Firstly, Africa must ensure the sustainability of everything that has been put in place; these include sustainability of prevention, and access to treatment. However, it is important to note that a lot of efforts toward combating AIDS in Africa have been depending on international donors. So, we need more and more domestic resources coming in to fight the disease, we need social services and health insurance for people so that the whole efforts can become sustainable.

In addition, we need to reach out more to those vulnerable, fragile, and underserved populations and we need to do a lot more research on how best to reach them in the African context. So, that those who are yet to have access to care; can be placed on treatment.

 

AN: There`s a decline of funding from foreign donor agencies into African countries; how is this likely to affect the campaign against AIDS?

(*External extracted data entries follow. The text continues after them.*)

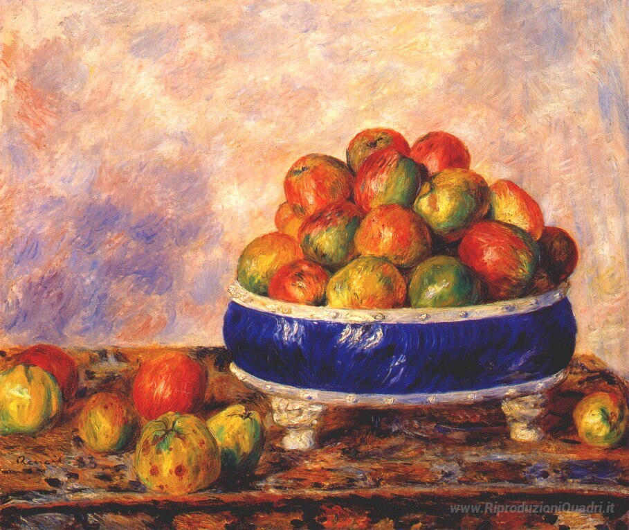 Ti offriamo una riproduzione artigianale su tela dell'opera famosa 'Mele in un piatto' di Pierre-Auguste Renoir, dal Museo delle Riproduzioni.
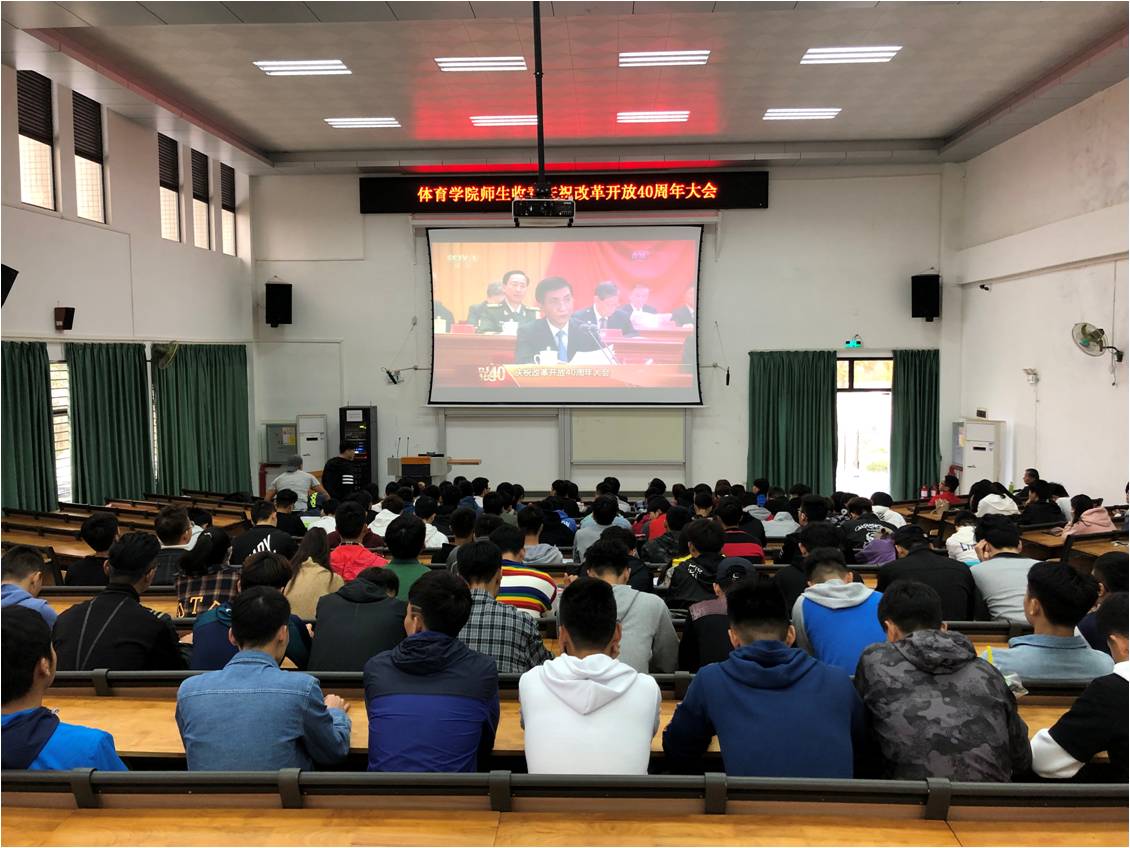 12月18日上午10时,庆祝改革开放40周年大会在人民大会堂开幕,中共中央总书记、国家主席、中央军委主席习近平发表重要讲话。为更好地学习庆祝改革开放40周年大会精神,上午10时,在学校党委的号召组织下,体育学院组织师生党员200余人在体育综合训练馆112教室集体收看庆祝改革开放40周年大会直播。
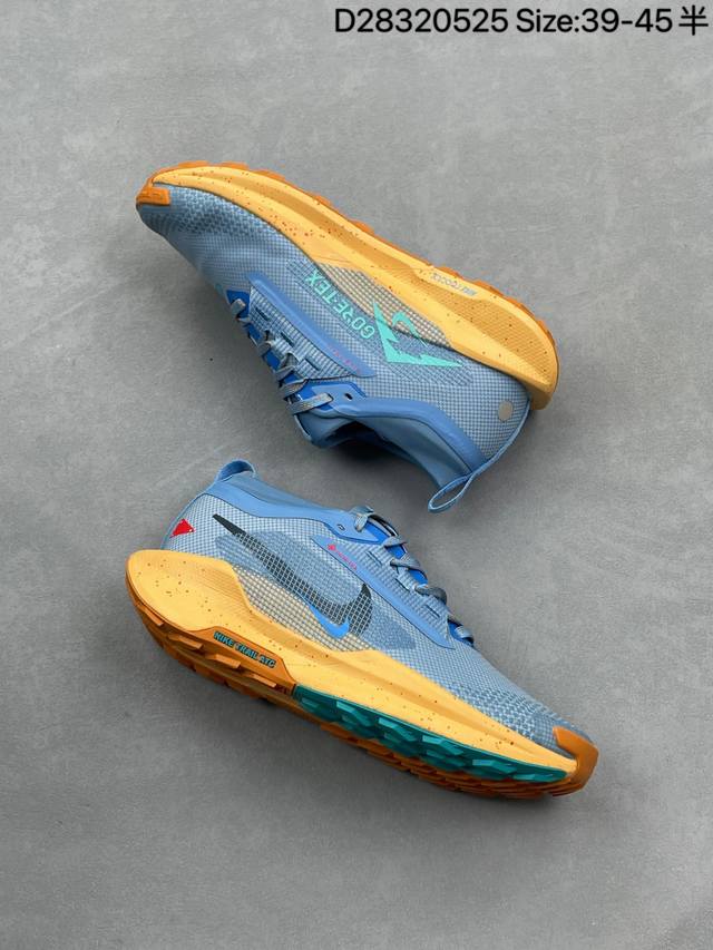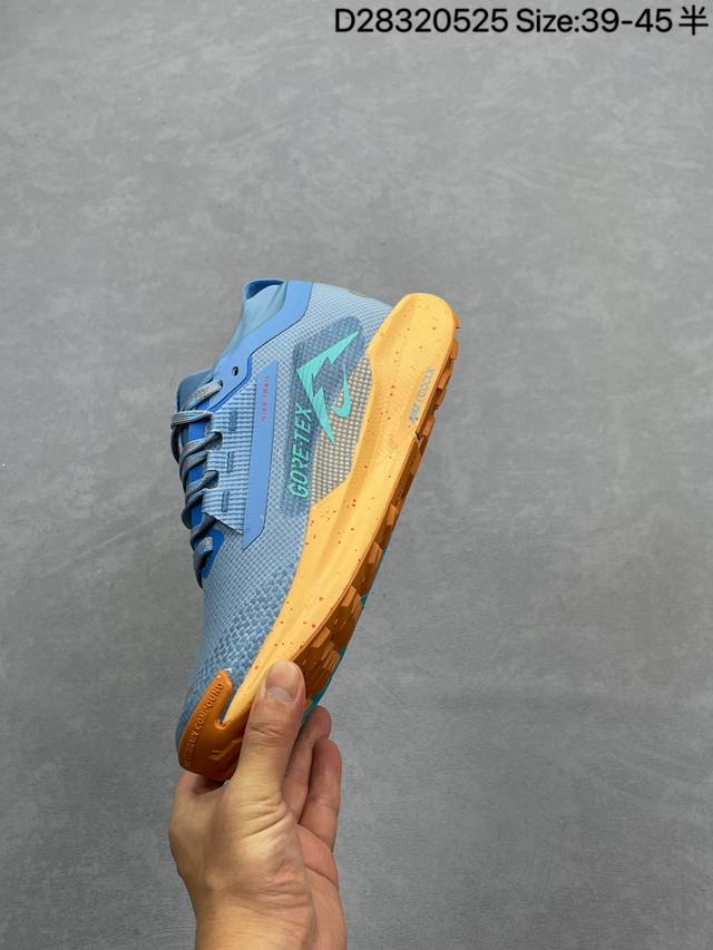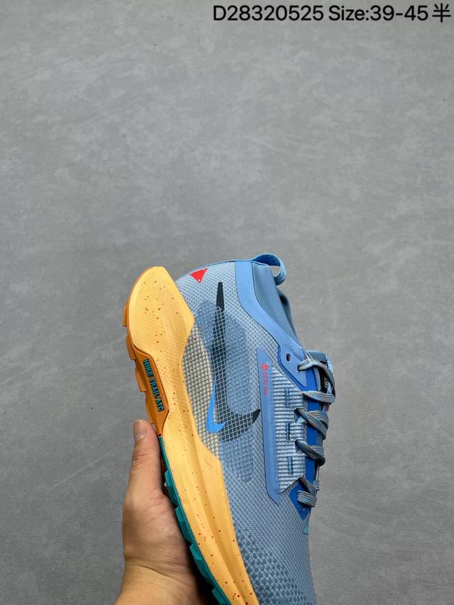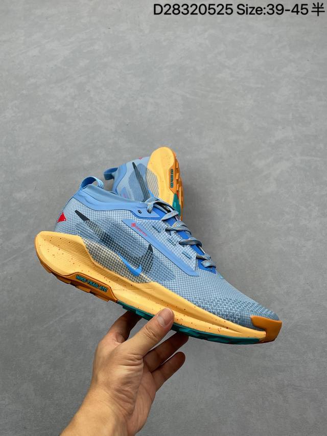 公司级 耐克 Nike pegasustrail5 男款越野跑步鞋夏新款耐克飞马该鞋款搭载出众回弹的 Reactx 泡绵中底 多种地面 皆可轻松驾驭 采用别致设计 上脚潮鞋 踏上 Gr 11 步道 穿越比利牛斯山脉 以海岸灯塔作为向导 从地中海一路畅跑到坎塔布里亚海 外侧饰有红白彩绘条纹图案 灵感源于越野途中路标的颜色 Nike Reactx 泡绵轻盈耐穿 令双足贴近地面 塑就柔软顺畅的非凡迈步体验 鞋头高磨损区域融入橡胶和紧密织物 鞋面采用织物搭配开孔设计 塑就出色透气性 外底精简橡胶用量 可实现公路到
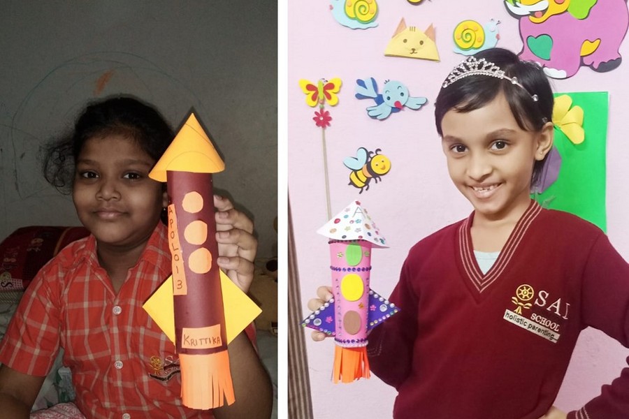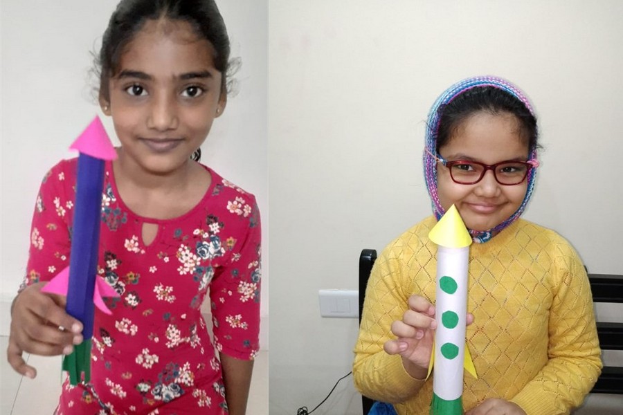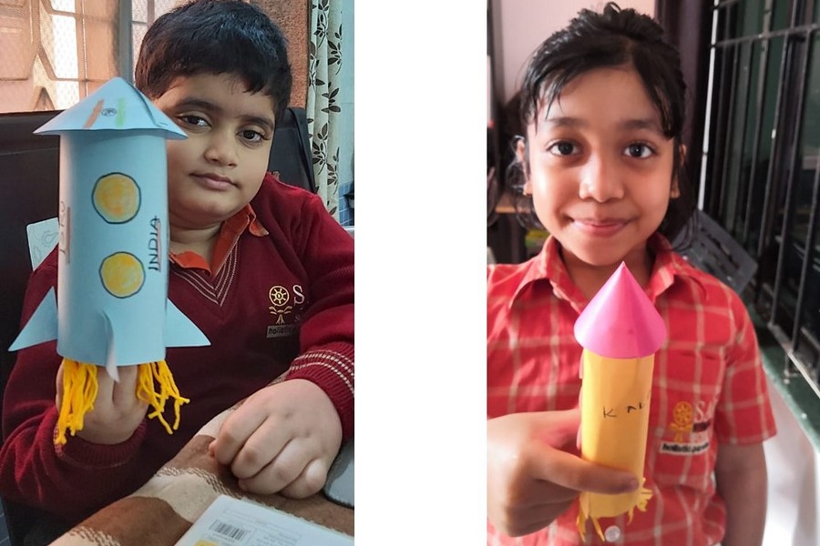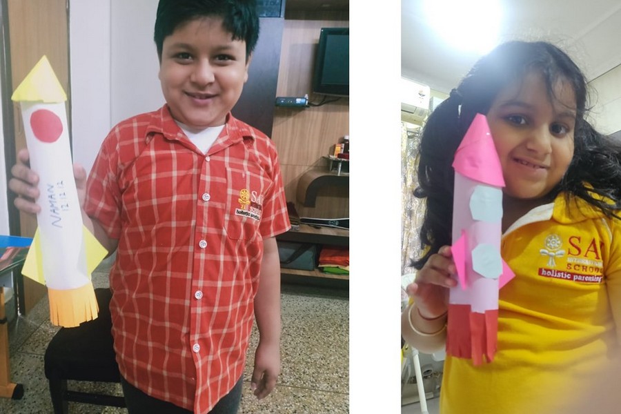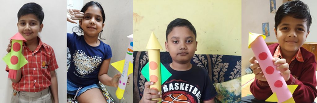 As we all know, “All studies and no play make Jack a dull boy.” A small activity of making paper rockets for space was made by children using colourful papers. That helped the class become more enjoyable and vibrant. Children were very happy and were looking forward to another such interactive class.
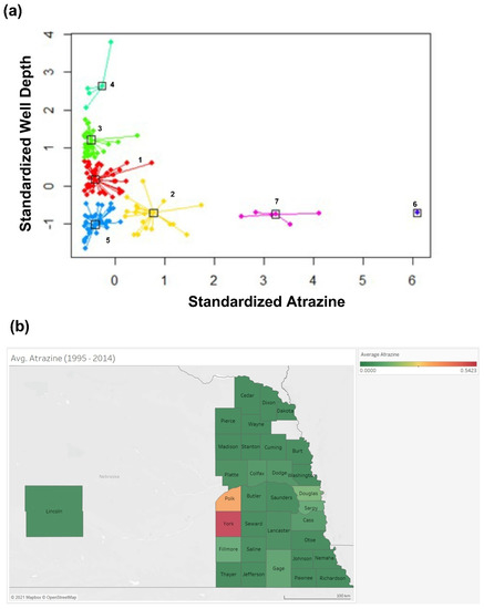 Furthermore, counties with low-level atrazine are more metropolitan than counties with high-level atrazine. In contrast to the wells in high-level atrazine counties, wells in low-level atrazine counties were mostly utilization wells. This suggests that low-level groundwater atrazine in cluster 5 may be due to excessive groundwater usage [44].
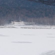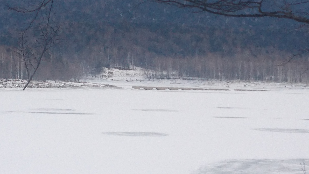 連続したアーチ形の橋を見られると期待して、展望台へ。車を止めて雪の中を180mくらい歩いて展望台へ到着。車は路肩停車。残念ながら水没&雪に埋もれていて、上部の一部しか見られず。季節を変えてリベンジしたい。
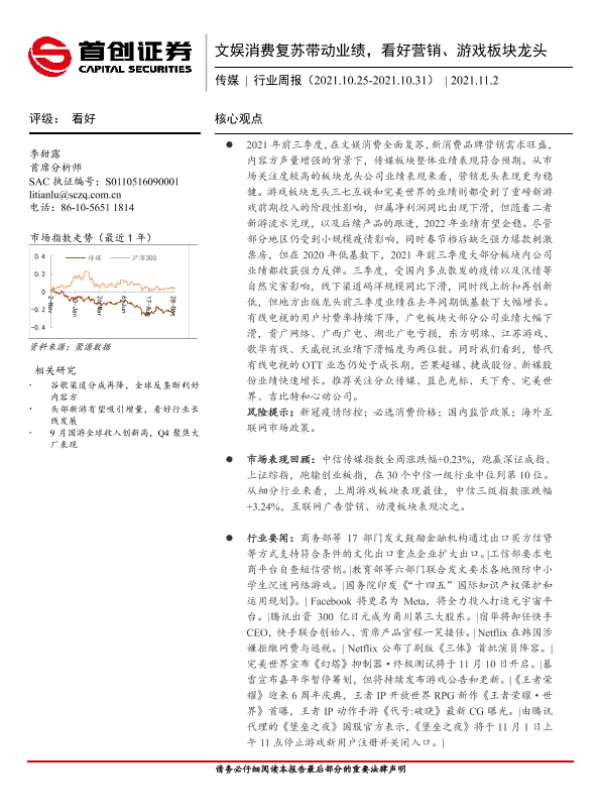 【首创证券】【20211102】20211102-首创证券-传媒行业周报:文娱消费复苏带动业绩,看好营销、游戏板块龙头-11页 行业研究
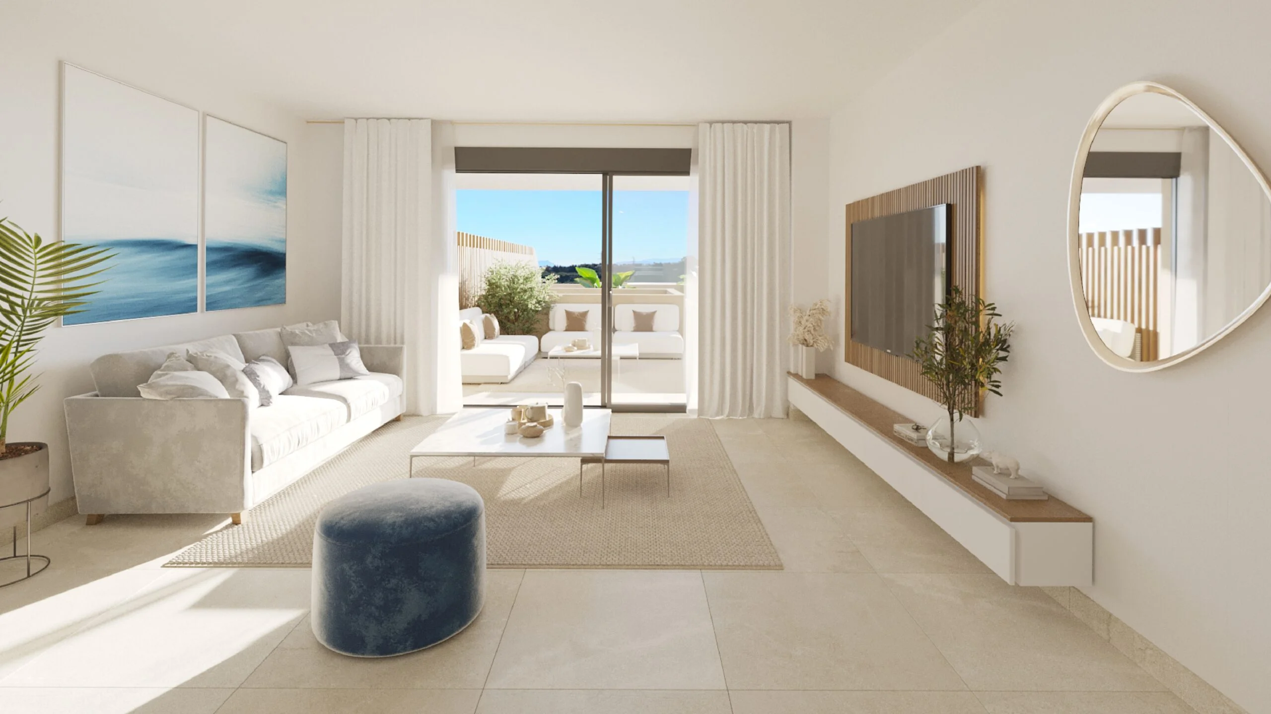 Adagio erhebt sich an der New Golden Mile in Cancelada – jenem Küstenabschnitt, der für seine perfekte Balance aus Ruhe und Erreichbarkeit bekannt ist. Die 80 Apartments und Penthouses mit zwei oder drei Schlafzimmern bieten offene Wohnbereiche, die durch bodentiefe Fenster nahtlos in die großzügigen Terrassen übergehen. Der Blick schweift über das Mittelmeer bis zum Horizont.
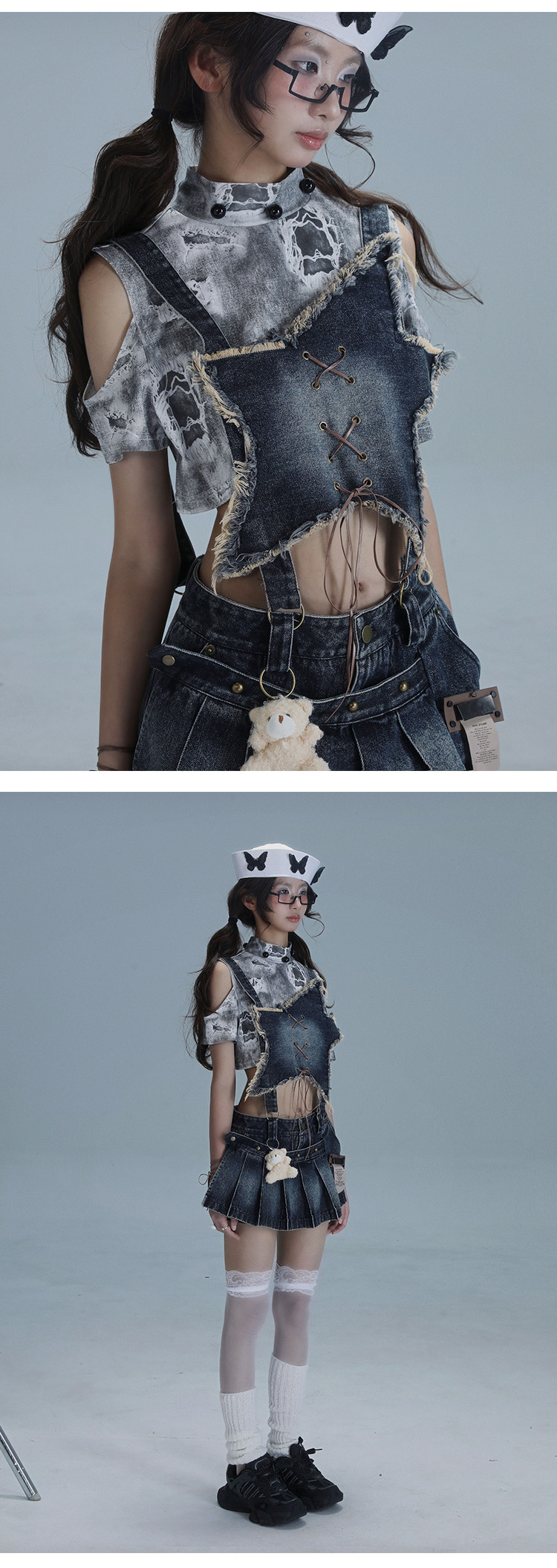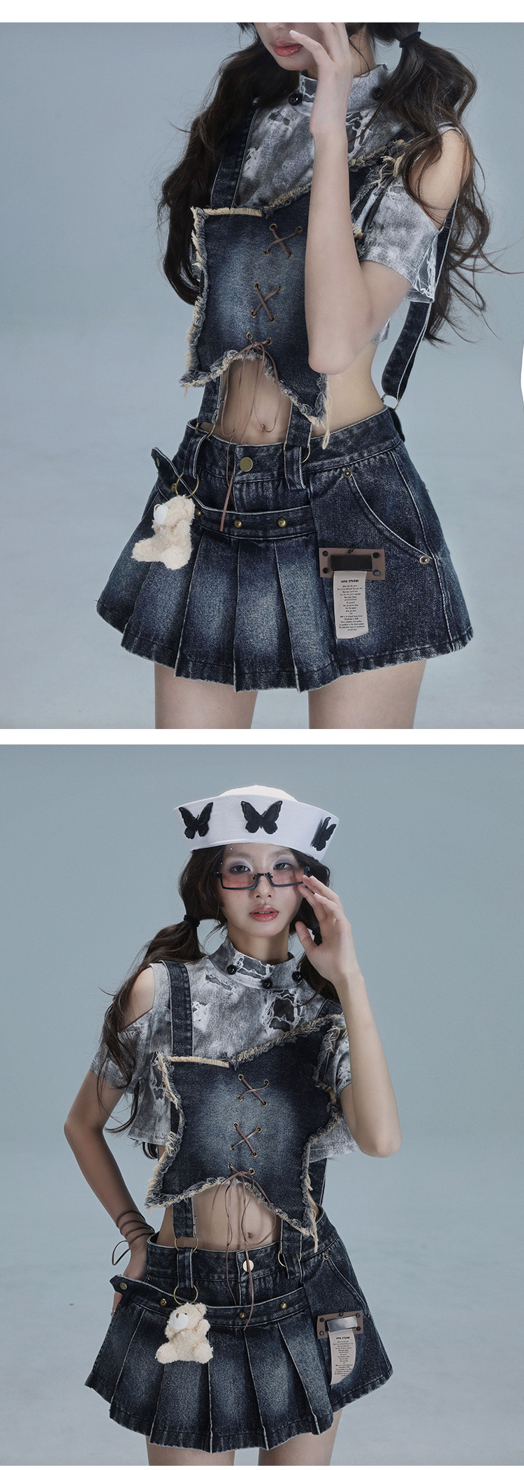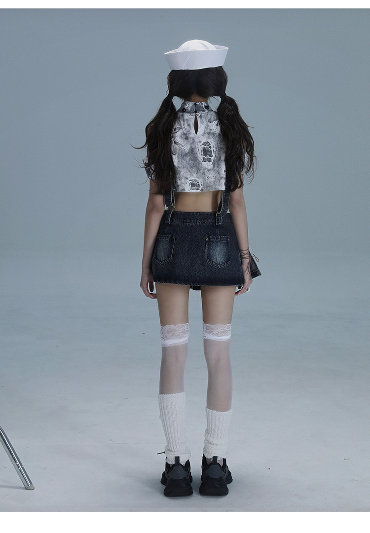 Detachable Washed Suspender Denim Short Skirt & Inner Shirts Set NA8554

This is not specific to African countries because of the difficulties that the Western countries are also facing including the migration crises. And I don’t think the funding for AIDS has declined yet, but we have to fight for sustainability, and one of the factors that can have a negative impact is complacency – like saying that we now have medicines and we have broad access to drugs. No, we are not okay! If we do not accelerate the efforts now, the epidemic will go faster than our efforts. If we accelerate our efforts now, one day I believe we can see the end of AIDS.